Stored items:
★ ★ ★ ★ ★

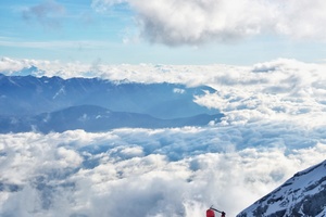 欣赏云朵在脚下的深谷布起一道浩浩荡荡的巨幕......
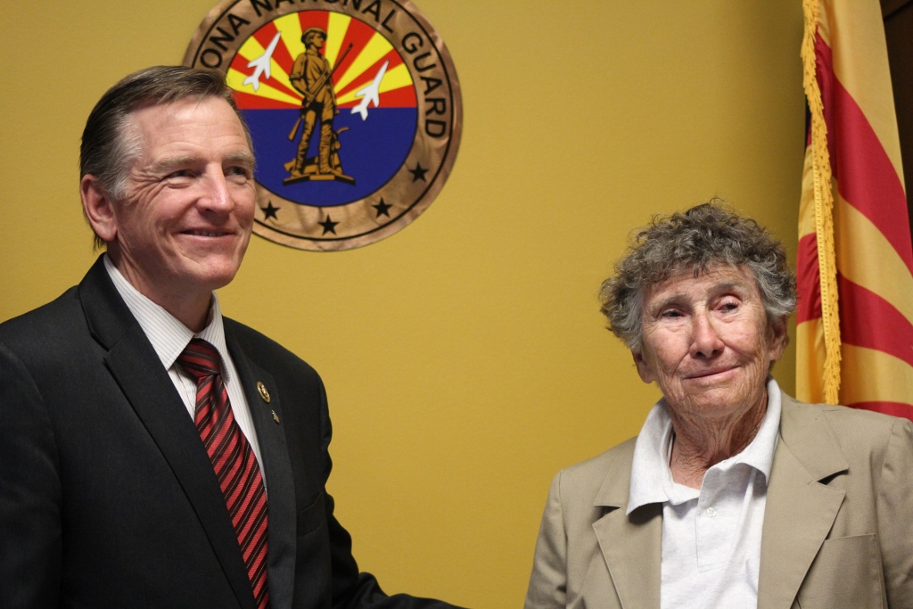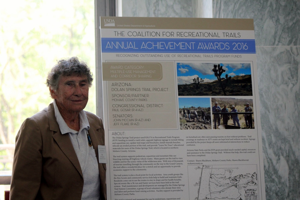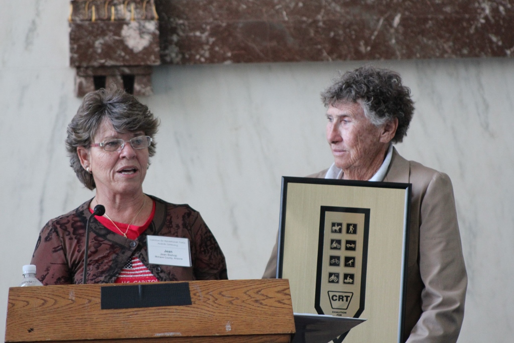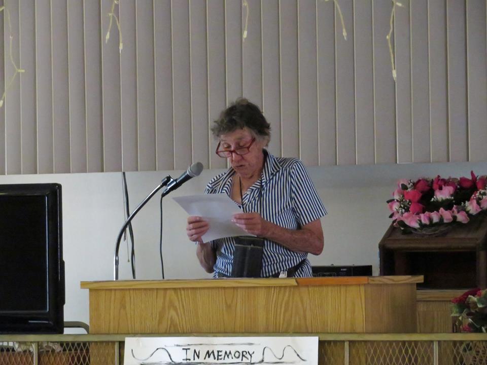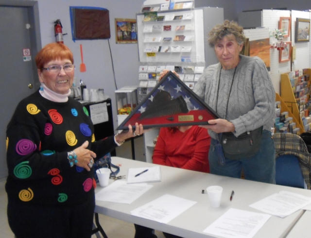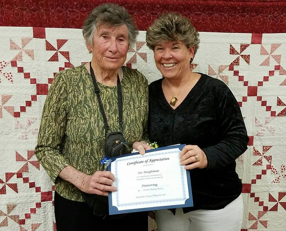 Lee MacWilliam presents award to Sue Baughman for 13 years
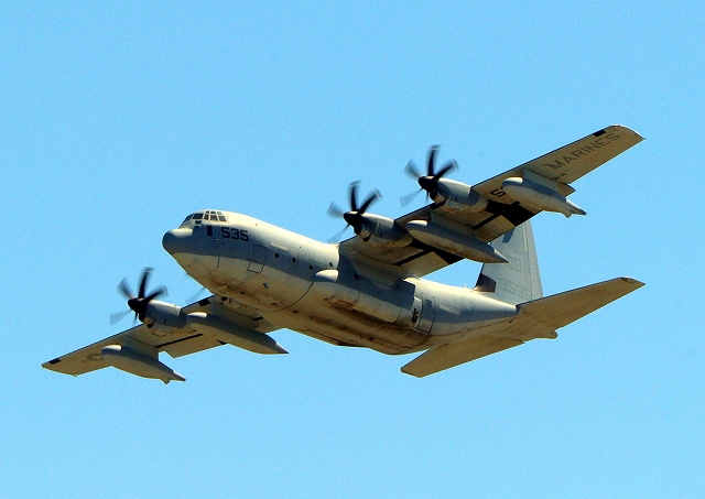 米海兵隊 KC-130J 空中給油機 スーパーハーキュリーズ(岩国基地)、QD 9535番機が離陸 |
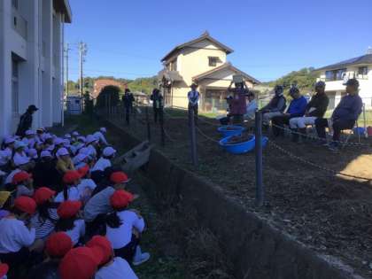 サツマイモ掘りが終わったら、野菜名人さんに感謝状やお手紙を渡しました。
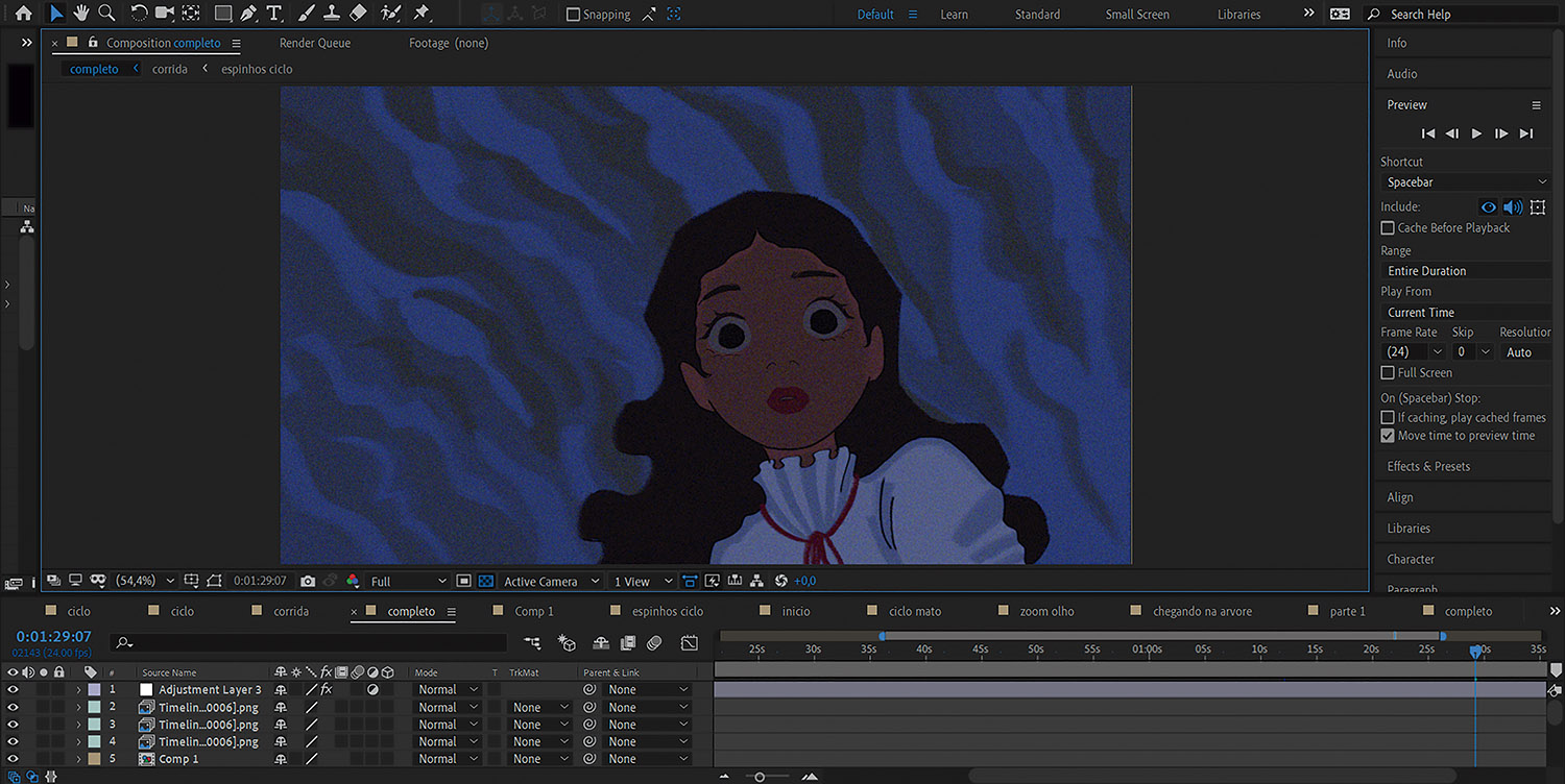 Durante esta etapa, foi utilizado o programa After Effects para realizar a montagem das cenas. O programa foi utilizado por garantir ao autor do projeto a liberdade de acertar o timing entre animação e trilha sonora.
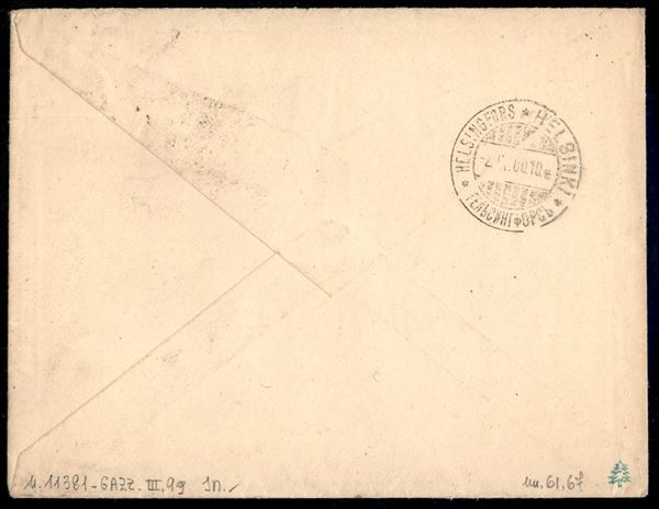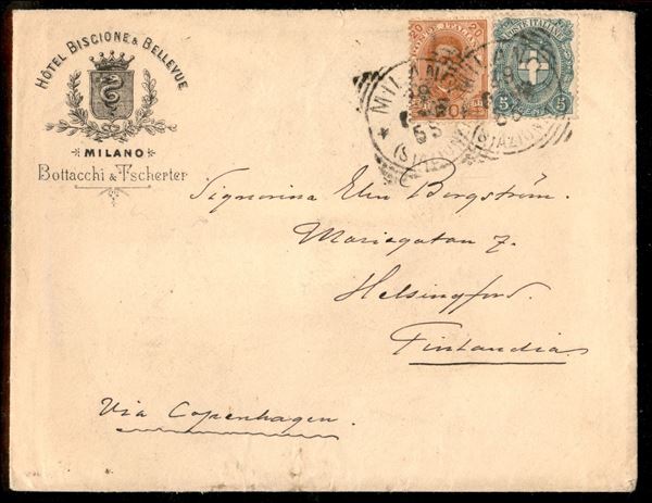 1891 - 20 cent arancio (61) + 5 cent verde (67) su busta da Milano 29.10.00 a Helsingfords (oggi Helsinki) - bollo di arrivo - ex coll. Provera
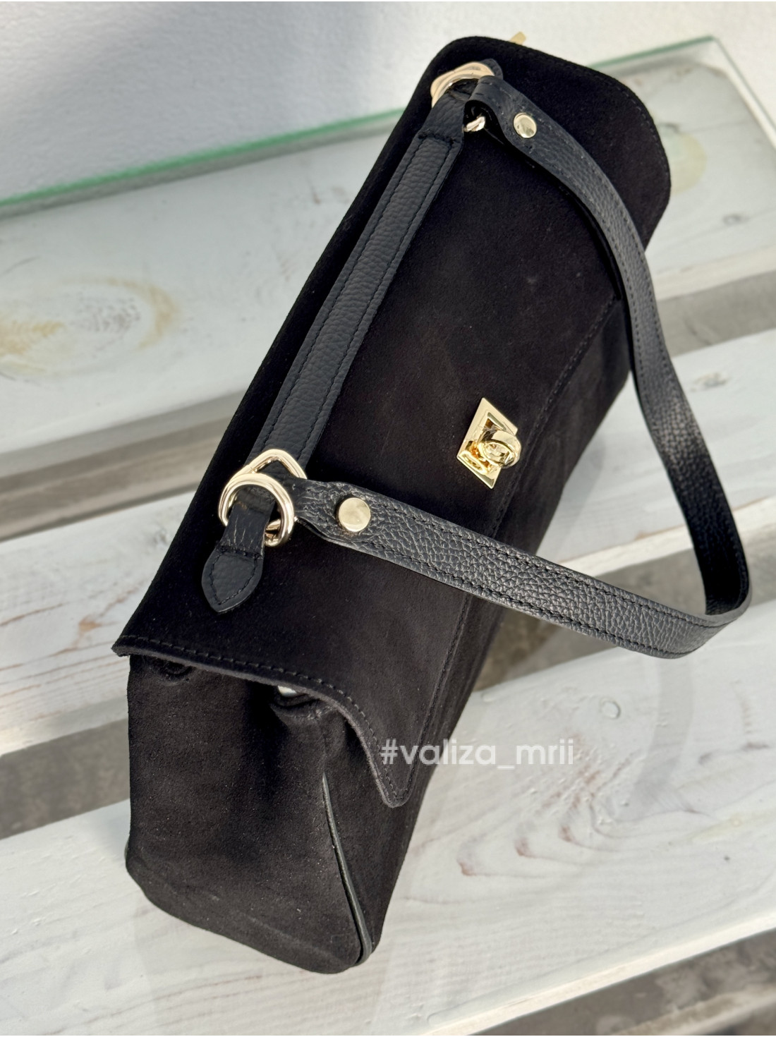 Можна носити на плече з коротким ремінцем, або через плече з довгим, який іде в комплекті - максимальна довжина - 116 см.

★ ★ ★ ★ ★

TASK INSTRUCTIONS
Take the line with "1891 - 20 cent" and every line after it through the end of the data, and write only them out exactly, leaving out the pictures.

SOLVED EXERCISE
 1891 - 20 cent arancio (61) + 5 cent verde (67) su busta da Milano 29.10.00 a Helsingfords (oggi Helsinki) - bollo di arrivo - ex coll. Provera
 Можна носити на плече з коротким ремінцем, або через плече з довгим, який іде в комплекті - максимальна довжина - 116 см.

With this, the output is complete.